Migrate ObjcProvider linking info to CcLinkingContext #16939

Open googlewalt opened 1 year ago

googlewalt commented 1 year ago

Migrate ObjcProvider linking info to CcLinkingContext

Overview

We are planning to migrate the linking info that is currently in ObjcProvider to the CcLinkingContext in CcInfo. This should reduce Bazel memory consumption for Objective-C builds, reduce technical debt and maintenance cost, and unblock future linking improvements.

Motivation

Objective C/C++ (ObjC) are dialects of C/C++, and their Bazel support should share much of the implementation. Historically, ObjC started as a separate implementation, and led to much bespokeness, missing functionality, duplication of functionality, and maintenance burden. Migrating ObjC to use CcInfo to carry its build information will be a major step toward reducing that bespokeness and maintenance cost.

A previous effort migrated the compilation portion of ObjcProvider to CcInfo. This project completes the migration by migrating the linking portion. There is still a small remaining part of ObjcProvider that does not fit into either category, but migrating the linking info will get us much closer to getting rid of ObjcProvider altogether. See below for what remains in ObjcProvider after this migration.

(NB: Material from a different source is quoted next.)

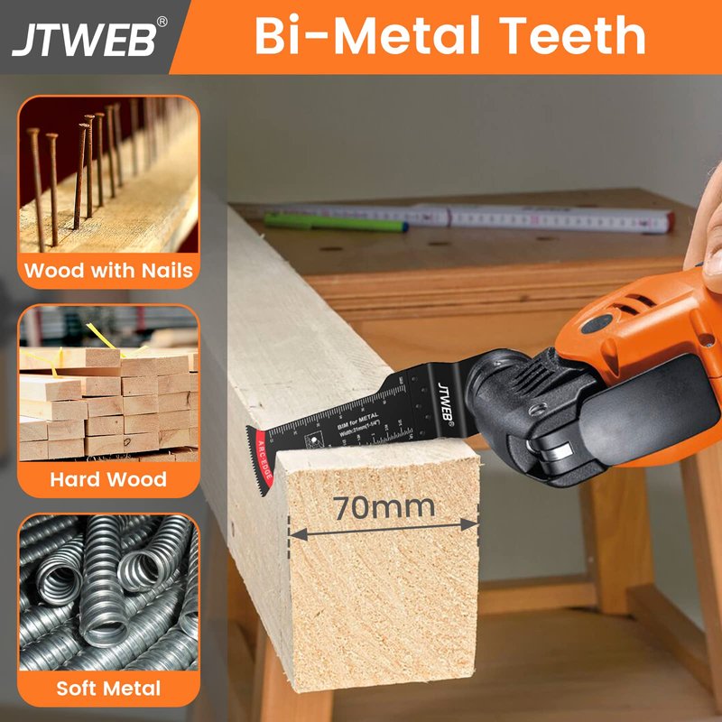 - 👍【Bi-Metal Teeth】The oscillating tool blades are designed for fast and deep cuts in soft metal, wood with nails, and hard wood. The incorporation of bimetal teeth in the blade enhances its durability and resistance to wear and tear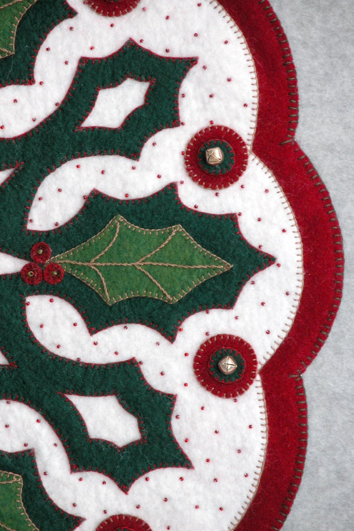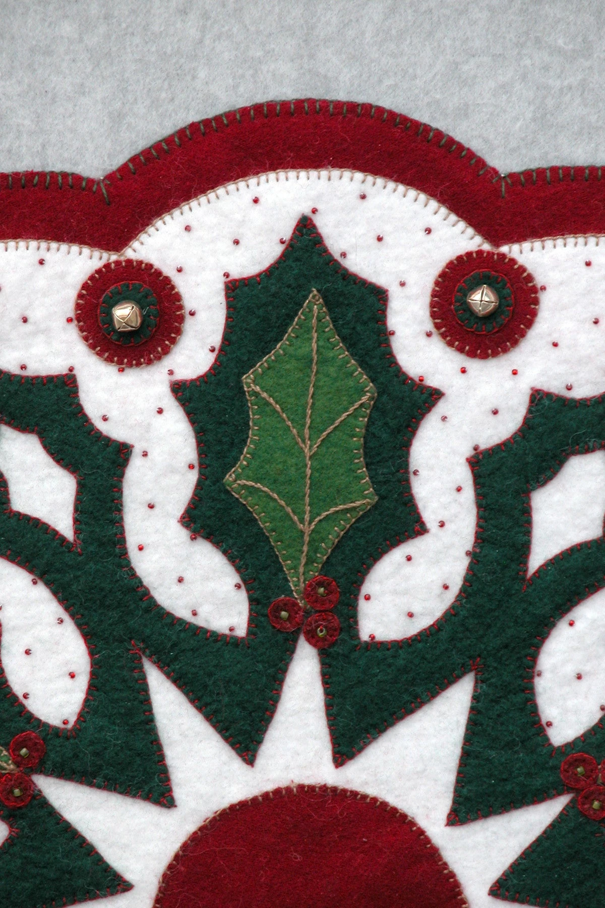 21″ Applique Pattern designed in wool felt or felted woven wool. A wonderful winter holiday topper featuring beautiful green holly leaves embellished with embroidery and set against a sparkling beaded background. Little jingle bells around the perimeter add a festive touch.

The migration is expected to provide the following benefits:

Goals

  1. Minimize user disruption. We will provide an incompatible flag for transitioning between old and new behavior, and provide guidance for changes required for migration (though there are no plans for automated tools).

  2. Maintain performance parity. In actuality, we expect memory improvements from more efficient generating of CcLinkingContext in objc_library, and from eventually deleting 2/3 of the fields in ObjcProvider.

  3. Avoid adding bespoke, Objective-C-only functionality to CcInfo.

  4. Avoid behavioral changes. For issues where (3) and (4) conflict, try to resolve in favor of (3) because it gets us closer to the desired end state.

Non-goals

  1. Migrating bespoke ObjC linking functionality. Outside of the information carried by the provider, there is still much bespokeness to how ObjC linking is done. This migration will not attempt to redesign any of that. In particular, we will keep much of CompilationSupport.registerLinkAction and the linking variables in ObjcVariablesExtension.

    Even though this item is out of scope of the current migration, it is in the scope of followup work.

Design

Overview

This section gives a brief overview of how each linking field in ObjcProvider will be migrated. A more detailed discussion on various issues are deferred to the Issues section.

Library fields

ObjcProvider has five fields that store the libraries to be linked. Much of the distinction is not important, and we plan to migrate all of them as LibraryToLinks in the LinkerInputs of the CcLinkingContext.

The difference between LIBRARY, CC_LIBRARY, IMPORTED_LIBRARY is where the library comes from: LIBRARY is from objc_library, CC_LIBRARY is from cc_library, and IMPORTED_LIBRARY is from objc_import. These differences do not affect how they are linked. They are all static libraries, and they can be migrated as LibraryToLinks in a LinkerInput.

STATIC_FRAMEWORK_FILE and DYNAMIC_FRAMEWORK_FILE are user-provided Apple frameworks. They are each converted to a framework path (-F) and framework name (-framework) for linking. We plan to migrate these to be regular LibraryToLinks in LinkerInputs as well. This migration does lead to a couple behavioral changes in regards to link ordering and framework deduplication, which will be discussed below.

SDK-related fields

These are fields used to refer to libraries and frameworks to be linked in from the Apple SDK. They turn into linker flags, and we plan to migrate them as such, to userLinkFlags in LinkerInputs of the CcLinkingContext.

Other linking fields

These linking-related fields all have obvious landing spots in CcLinkingContext:

FORCE_LOAD_LIBRARY corresponds directly to alwaysLink in a LibraryToLink.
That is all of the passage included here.